### What you need to do
Transcribe each of the records below exactly, excluding all pictures.

[Collection entries]
==============================
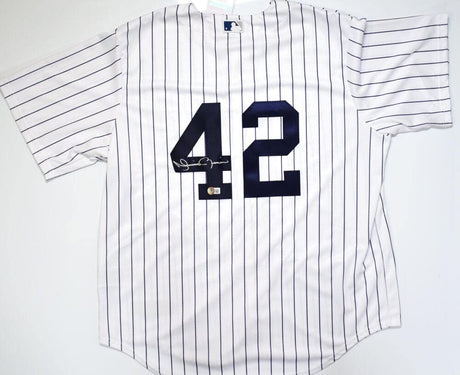 Mariano Rivera Authentic Signed White Pinstripe Pro Style Jersey BAS Witnessed
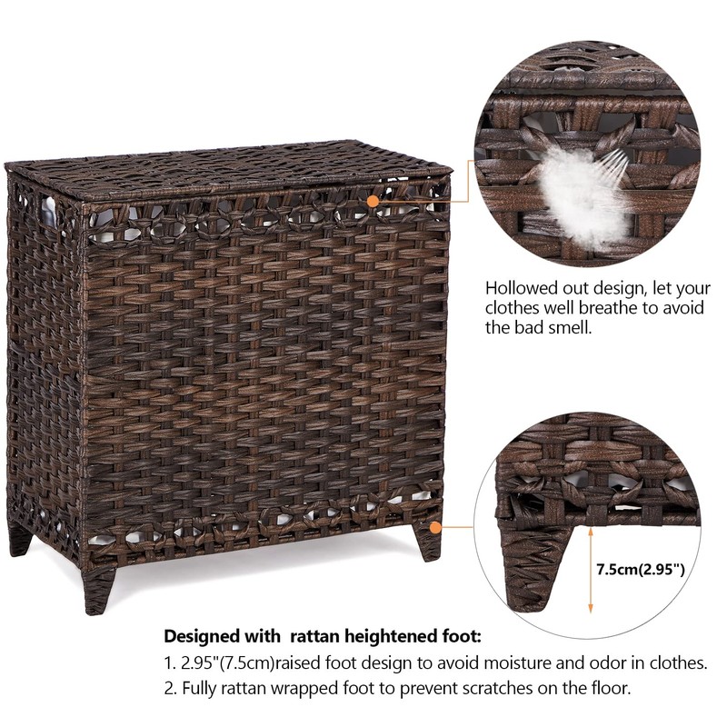 - Made of Rattan Heightened Feet: The laundry hamper is designed with heightened feet in order to prevent clothes/toys from getting wet and causing a bad smell. The heightened feet are covered by rattan in order to prevent floor scratches
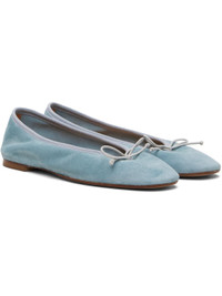 Kidskin suede ballerina flats. · Bow accent at vamp · Grosgrain trim at collar · Red stitch at heel collar · Leather sole Supplier color: Glass Leather. Made in Italy 261454F118040
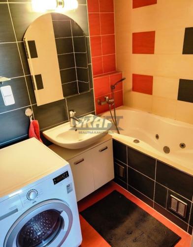 kúpeľňa: masážna vaňa so sprchou, umývadlo, zrkadlo, práčka so sušičkou
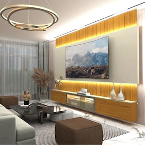 Estrutura: 100% MDF Acabamento: Pintura U.VPorta: Sim, 03 portas com sistema magnético para abertura suave das portas Ripado: Sim, Ripas autênticas LED: Sim, na cor branco frio Diferencial: Home com bancada suspensa; Portas com pulsadores toque magnéticoDimensões do produto montado
==============================
### Output of the exercise
 Mariano Rivera Authentic Signed White Pinstripe Pro Style Jersey BAS Witnessed
 - Made of Rattan Heightened Feet: The laundry hamper is designed with heightened feet in order to prevent clothes/toys from getting wet and causing a bad smell. The heightened feet are covered by rattan in order to prevent floor scratches
 Kidskin suede ballerina flats. · Bow accent at vamp · Grosgrain trim at collar · Red stitch at heel collar · Leather sole Supplier color: Glass Leather. Made in Italy 261454F118040
 kúpeľňa: masážna vaňa so sprchou, umývadlo, zrkadlo, práčka so sušičkou
 Estrutura: 100% MDF Acabamento: Pintura U.VPorta: Sim, 03 portas com sistema magnético para abertura suave das portas Ripado: Sim, Ripas autênticas LED: Sim, na cor branco frio Diferencial: Home com bancada suspensa; Portas com pulsadores toque magnéticoDimensões do produto montado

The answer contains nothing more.